Maternal health is generally declining around the world (WHO, 2015). However, maternal health inequalities between rich and poor countries, and even within particularly poor countries persist. Côte d'Ivoire is one of the most problematic countries with high maternal mortality rates (679 deaths per 100,000 live births against an average of 230 in developing countries and 16 in developed ones), despite all the efforts at the national and international level (MDGs, targeted free care policies, SDGs, etc.). It seems that health studies and programs focus on the financial aspect of access to maternal health care and that they do not integrate contextual and institutional norms. Thus, we ask ourselves the question of knowing what the Social Determinants of Maternal Health (SDMH) in Côte d’Ivoire are. We have set out the following assumptions: In developing countries, health economics studies only focus on access to health care by limiting themselves to technical models and narrow criteria of the analysis of care behaviors. The Ivorian health system lacks of virtuous institutional complementarities. This lack of institutional complementarities is at the same time linked to the poor consideration of the social determinants of maternal health. Poor maternal health indicators in Côte d'Ivoire persist due to the poor consideration of SDH in studies and policies. This thesis is divided into three main parts.

The first part criticizes the economic literature focusing on the use of health services as the main channel of access to health and neglecting other important social factors. Most of these studies are confined to theoretical and technical models based on an absolute rationality of individuals. However, it is essential to consider the complexity of a limited rationality that is reinforced by the evolving nature of behaviors over time.

In the second part, our thesis therefore proposes a hybrid analysis framework of institutional complementarities which is intended to be global and systemic and which seems to us better suited to our problem. This framework takes into account this development and the social context of individuals. We jointly mobilize it with the SDH approach. In this SDH approach, we distinguish on the one hand access to maternal health services, of which we examine a multidimensional approach, and on the other hand, other SDMHs. First, the results of this part shows that in Côte d'Ivoire, there would be strong complementarities between the institutions interacting for the health of wealthy and/or educated women and employed by the formal sector and often having recourse to private health sector. Second, the Ivorian health system lacks of good institutional complementarities in favor of poor women who often consult in the public sector. This contributes to deteriorating the performance of the Ivorian health system.

The third part is an application of our analytical framework through a mixed method (quantitative and qualitative).
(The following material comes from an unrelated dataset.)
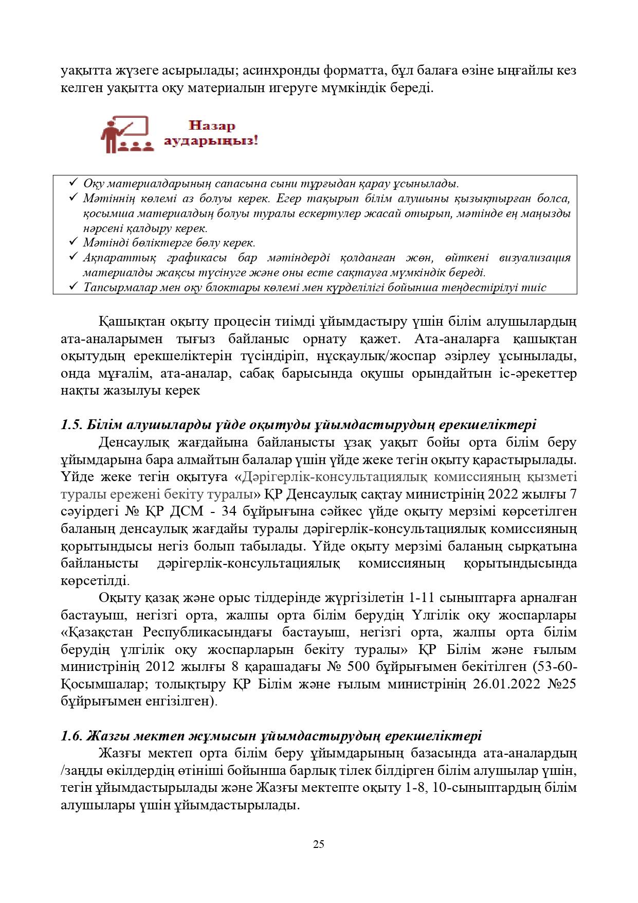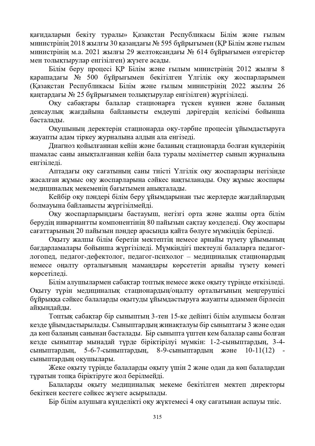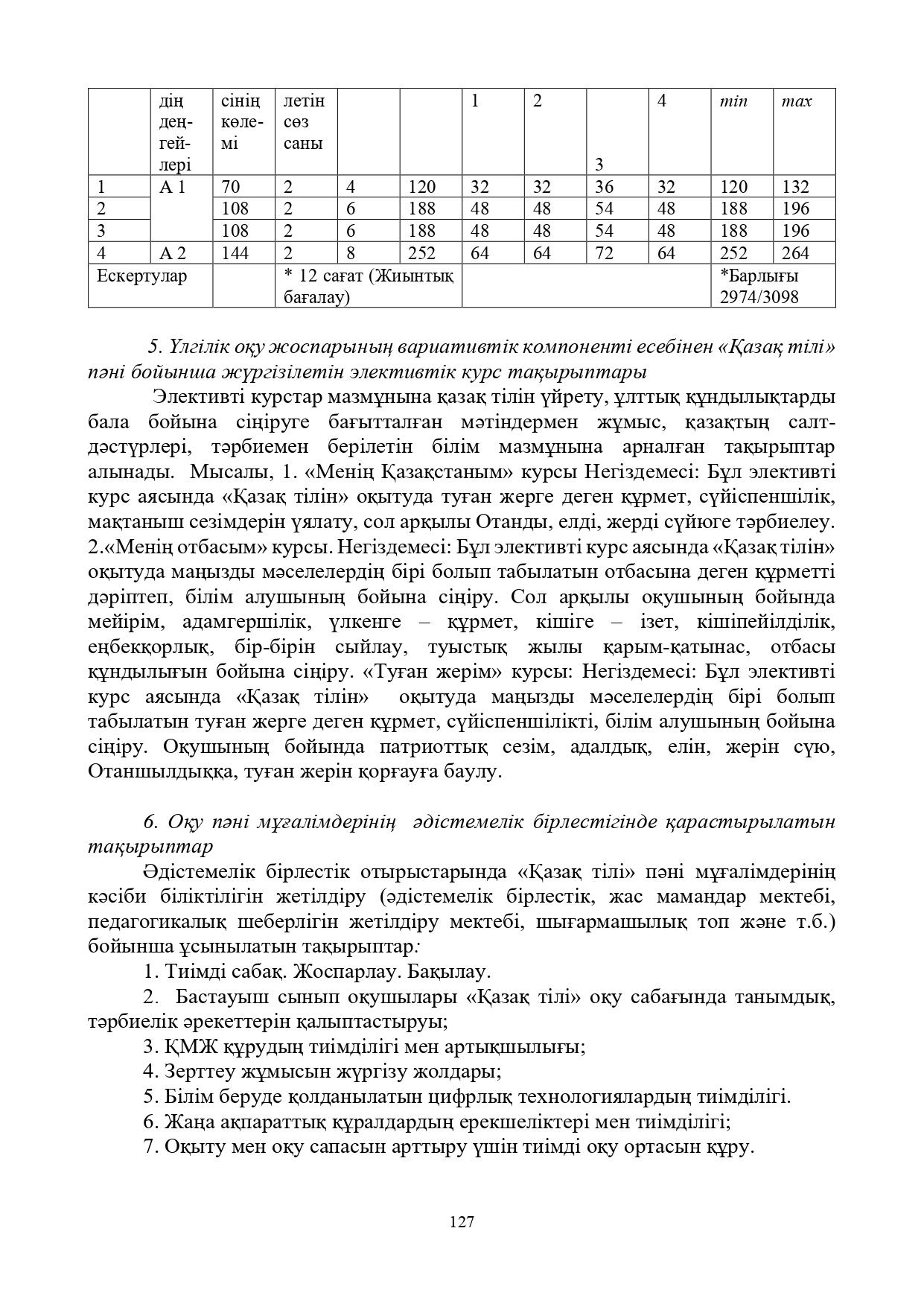 5) 25 сағат – арнайы білім беру ұйымдарының және жетім балалар мен ата-анасының қамқорлығынсыз қалған балаларға арналған білім беру ұйымдарының тәрбиешілері үшін белгіленеді.

A critical quantitative analysis allows us to confirm the weak consideration of the social determinants of maternal health in the studies. Most of the factors highlighted are the size of the household, the woman's level of education, financial barriers, the number of pregnancies, etc. Hence a qualitative survey in Côte d’Ivoire with pregnant women and those who have recently given birth, modern health professionals, traditional practitioners, NGOs, community relays was necessary, in order to collect the perception that individuals have of the health system and to find out any institutional deficiencies.

In one hand, it appears that maternal health in Côte d'Ivoire is also influenced by policies and institutions in other social fields such as housing, transport, environment, education of women and nursing staff, information, cultural norms, etc.).

On the other hand, the results of our interviews surmounted by a documentary review show that there is a dysfunction between health institutions in Côte d'Ivoire in the implementation of health policies aimed at maternal health. Among other things, it appears that contrary to the WHO standard recommending a postnatal observation of 72 hours, women who have given birth in the public sector spend between 8 and 24 hours in observation, due to a lack of reception beds. However, those going to the private sector pass the average 72-hour period well. Some women give birth at home because they live in small villages far from the nearest health center and have no transport available at certain times to get there. Public structures generally suffer from a weak technical platform. Regarding the targeted free health care policy, information conveyed by the media and administration is out of step with that received and transmitted by midwives, nurses and pharmacists (who are the closest of patients) in public structures. The latter often claim to receive incomplete delivery kits and are forced to charge patients for essential and expensive equipment while they think they have totally free care. This causes a lack of trust between the healthcare staff and the patients. Several women interviewed were not informed of the existence of this free policy. Traditional practitioners seem to be left out of the institutional arrangements within the health system while consulting by many women. These are the few social factors hindering the improvement of maternal health in Côte d'Ivoire. It is necessary to seek virtuous institutional complementarities in favor of women using public health services or in rural areas, if we wish to reduce maternal deaths in Côte d'Ivoire. Maternal Health should also be considered in the formulation of policies of other social sectors.